13.12.2003 16:00
Opis
Southampton zasłużenie zdobył trzy punkty w meczu, o którym wszyscy będą chcieli jak najszybciej zapomnieć. Emile Heskey zdobył co prawda pod koniec bramkę na pocieszenie, ale to nie wystarczyło, gdyż wcześniej Brett Ormerod i Michael Svensson zapewnili Świętym szokujące zwycięstwo 2-1.
Florent Sinama-Pongolle został pominięty w wyjściowej jedenastce, a jego miejsce wszedł Vladimir Smicer. On i jego partner z ataku Emile Heskey mieli jednak słaby dzień.
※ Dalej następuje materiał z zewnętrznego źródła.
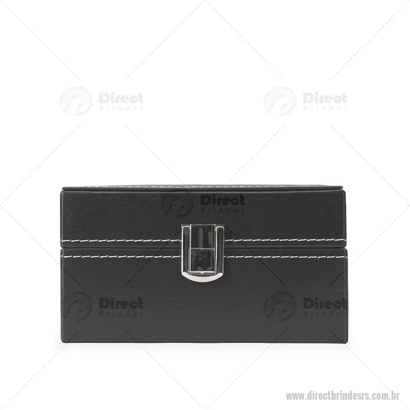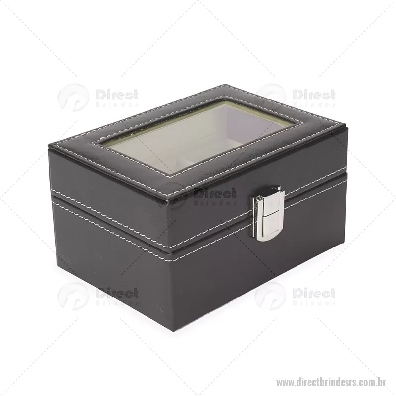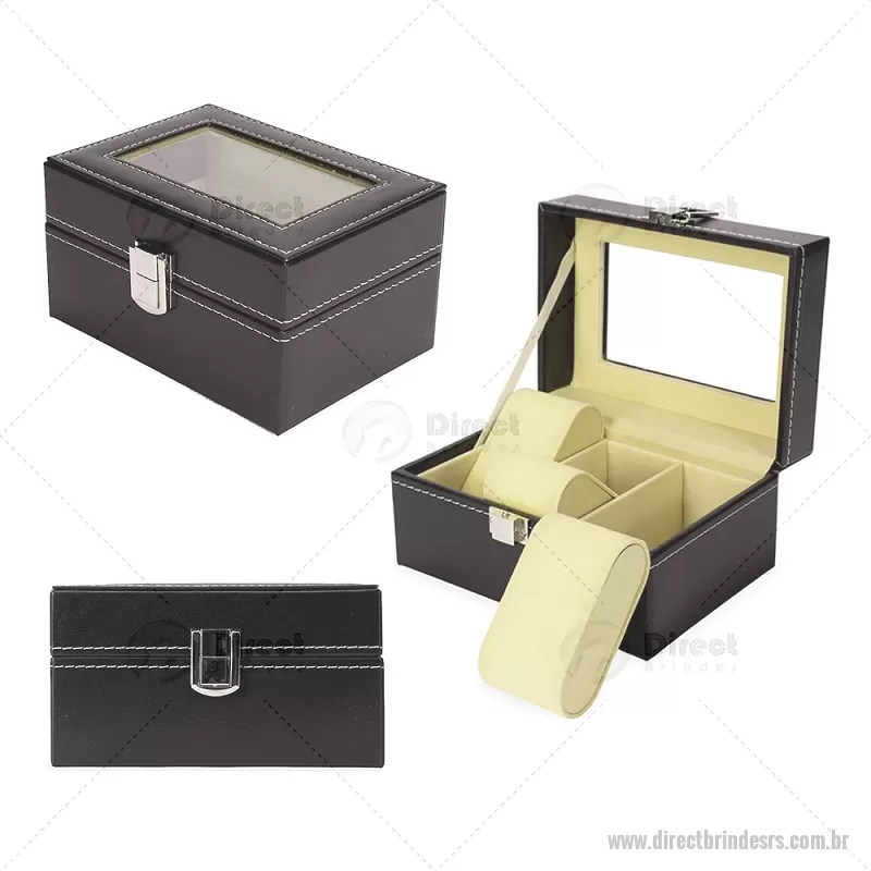 Estojo porta relógios com acabamento externo em couro sintético à base de PVC e interior revestido em veludo macio. Possui duas divisórias com almofadas removíveis para acomodar os relógios, tampa com visor de vidro e fecho com trava de segurança, garantindo proteção e organização com elegância. - - DRTRSPREL002

Kiedy mecz dopiero co się zaczął, the Kop pogrążyło się w ciszy. Straciliśmy piłkę na połowie przeciwnika, a Southampton szybko wykorzystał brak naszych zawodników po stałym fragmencie gry. Lundekvam posłał wysoką piłkę na naszą połowę, a Brett Ormerod z łatwością wyprzedził Dietmara Hamanna i strzelił obok Kirklanda.
W meczu nie mogli wystąpić Owen, Kewell i Baros, tak więc w ataku Liverpoolu widać było małą siłę szturmową. Pomimo najlepszych działań Stevena Gerrarda, kibice zaczęli powoli odczuwać frustrację.
Z upływem czasu, do gry zostali wprowadzeni Florent Sinama-Pongolle i Anthony Le Tallec. Ich wejście wprowadziło ożywienie w poczynaniach the Reds, a po rzucie rożnym Jason Dodd wybijał piłkę z linii bramkowej po strzale głową Samiego Hyypii.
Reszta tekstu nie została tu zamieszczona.